Aim of the task
Return only the lines of the listing below that run from the line with "это значимое событие!" through the line with "Column Library features", both ends included, exactly as written.
----
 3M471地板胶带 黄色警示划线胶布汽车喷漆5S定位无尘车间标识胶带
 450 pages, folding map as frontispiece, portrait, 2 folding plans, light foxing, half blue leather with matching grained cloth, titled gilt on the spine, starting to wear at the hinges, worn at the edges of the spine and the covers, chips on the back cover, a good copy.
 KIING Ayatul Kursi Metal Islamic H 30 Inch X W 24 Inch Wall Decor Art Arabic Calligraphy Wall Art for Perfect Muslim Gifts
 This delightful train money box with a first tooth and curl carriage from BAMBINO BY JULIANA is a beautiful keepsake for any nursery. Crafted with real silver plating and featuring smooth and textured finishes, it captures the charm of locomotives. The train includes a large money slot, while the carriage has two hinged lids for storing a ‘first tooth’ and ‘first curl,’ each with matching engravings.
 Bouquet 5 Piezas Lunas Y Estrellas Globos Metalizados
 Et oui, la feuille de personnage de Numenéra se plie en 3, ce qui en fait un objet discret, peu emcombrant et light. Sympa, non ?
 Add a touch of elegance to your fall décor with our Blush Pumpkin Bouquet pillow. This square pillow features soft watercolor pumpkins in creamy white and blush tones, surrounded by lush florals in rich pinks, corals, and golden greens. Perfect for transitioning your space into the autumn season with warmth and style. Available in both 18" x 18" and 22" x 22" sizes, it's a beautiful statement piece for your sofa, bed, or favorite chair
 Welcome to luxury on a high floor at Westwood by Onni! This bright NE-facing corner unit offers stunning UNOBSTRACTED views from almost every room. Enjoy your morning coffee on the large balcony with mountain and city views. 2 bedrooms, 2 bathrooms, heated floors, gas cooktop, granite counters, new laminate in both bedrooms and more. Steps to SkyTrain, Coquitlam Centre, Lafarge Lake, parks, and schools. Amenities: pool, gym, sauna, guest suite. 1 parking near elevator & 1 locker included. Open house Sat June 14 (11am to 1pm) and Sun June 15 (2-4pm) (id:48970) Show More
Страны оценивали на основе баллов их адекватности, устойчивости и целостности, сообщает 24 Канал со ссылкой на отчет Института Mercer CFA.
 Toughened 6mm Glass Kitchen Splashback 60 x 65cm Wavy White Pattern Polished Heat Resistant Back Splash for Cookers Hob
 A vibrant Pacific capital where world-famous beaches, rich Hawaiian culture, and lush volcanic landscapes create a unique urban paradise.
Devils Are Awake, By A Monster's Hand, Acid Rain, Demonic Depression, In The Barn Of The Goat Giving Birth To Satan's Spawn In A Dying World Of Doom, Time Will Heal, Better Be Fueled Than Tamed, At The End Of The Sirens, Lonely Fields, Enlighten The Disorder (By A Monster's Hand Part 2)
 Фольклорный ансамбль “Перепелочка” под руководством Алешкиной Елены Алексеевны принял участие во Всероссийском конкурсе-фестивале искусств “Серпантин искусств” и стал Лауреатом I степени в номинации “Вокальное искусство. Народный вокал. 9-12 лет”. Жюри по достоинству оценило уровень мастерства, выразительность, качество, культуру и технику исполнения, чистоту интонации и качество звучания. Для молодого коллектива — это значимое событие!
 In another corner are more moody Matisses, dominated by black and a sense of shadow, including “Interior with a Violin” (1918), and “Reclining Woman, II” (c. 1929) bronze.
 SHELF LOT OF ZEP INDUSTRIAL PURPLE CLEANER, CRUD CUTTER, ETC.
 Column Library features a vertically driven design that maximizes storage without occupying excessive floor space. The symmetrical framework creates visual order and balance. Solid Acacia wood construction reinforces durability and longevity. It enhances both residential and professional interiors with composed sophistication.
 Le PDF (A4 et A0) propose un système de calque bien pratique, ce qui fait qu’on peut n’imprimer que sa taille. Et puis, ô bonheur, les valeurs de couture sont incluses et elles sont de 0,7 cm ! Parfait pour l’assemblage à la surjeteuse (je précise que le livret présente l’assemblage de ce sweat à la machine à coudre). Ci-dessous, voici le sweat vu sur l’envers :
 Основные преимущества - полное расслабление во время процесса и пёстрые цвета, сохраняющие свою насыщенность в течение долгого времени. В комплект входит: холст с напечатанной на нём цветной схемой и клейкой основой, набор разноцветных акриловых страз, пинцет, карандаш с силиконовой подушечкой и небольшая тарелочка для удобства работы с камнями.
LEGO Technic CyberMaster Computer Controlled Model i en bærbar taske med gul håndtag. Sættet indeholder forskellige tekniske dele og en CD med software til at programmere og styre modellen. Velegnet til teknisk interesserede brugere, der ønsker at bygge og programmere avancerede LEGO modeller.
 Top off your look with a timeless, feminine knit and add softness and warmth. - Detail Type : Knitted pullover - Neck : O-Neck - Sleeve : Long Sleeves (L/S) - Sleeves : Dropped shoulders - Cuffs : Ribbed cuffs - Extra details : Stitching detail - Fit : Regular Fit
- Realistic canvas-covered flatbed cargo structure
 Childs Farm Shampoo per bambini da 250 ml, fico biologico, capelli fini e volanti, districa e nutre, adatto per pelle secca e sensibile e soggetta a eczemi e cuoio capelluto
----
Answer to the exercise
 Фольклорный ансамбль “Перепелочка” под руководством Алешкиной Елены Алексеевны принял участие во Всероссийском конкурсе-фестивале искусств “Серпантин искусств” и стал Лауреатом I степени в номинации “Вокальное искусство. Народный вокал. 9-12 лет”. Жюри по достоинству оценило уровень мастерства, выразительность, качество, культуру и технику исполнения, чистоту интонации и качество звучания. Для молодого коллектива — это значимое событие!
 In another corner are more moody Matisses, dominated by black and a sense of shadow, including “Interior with a Violin” (1918), and “Reclining Woman, II” (c. 1929) bronze.
 SHELF LOT OF ZEP INDUSTRIAL PURPLE CLEANER, CRUD CUTTER, ETC.
 Column Library features a vertically driven design that maximizes storage without occupying excessive floor space. The symmetrical framework creates visual order and balance. Solid Acacia wood construction reinforces durability and longevity. It enhances both residential and professional interiors with composed sophistication.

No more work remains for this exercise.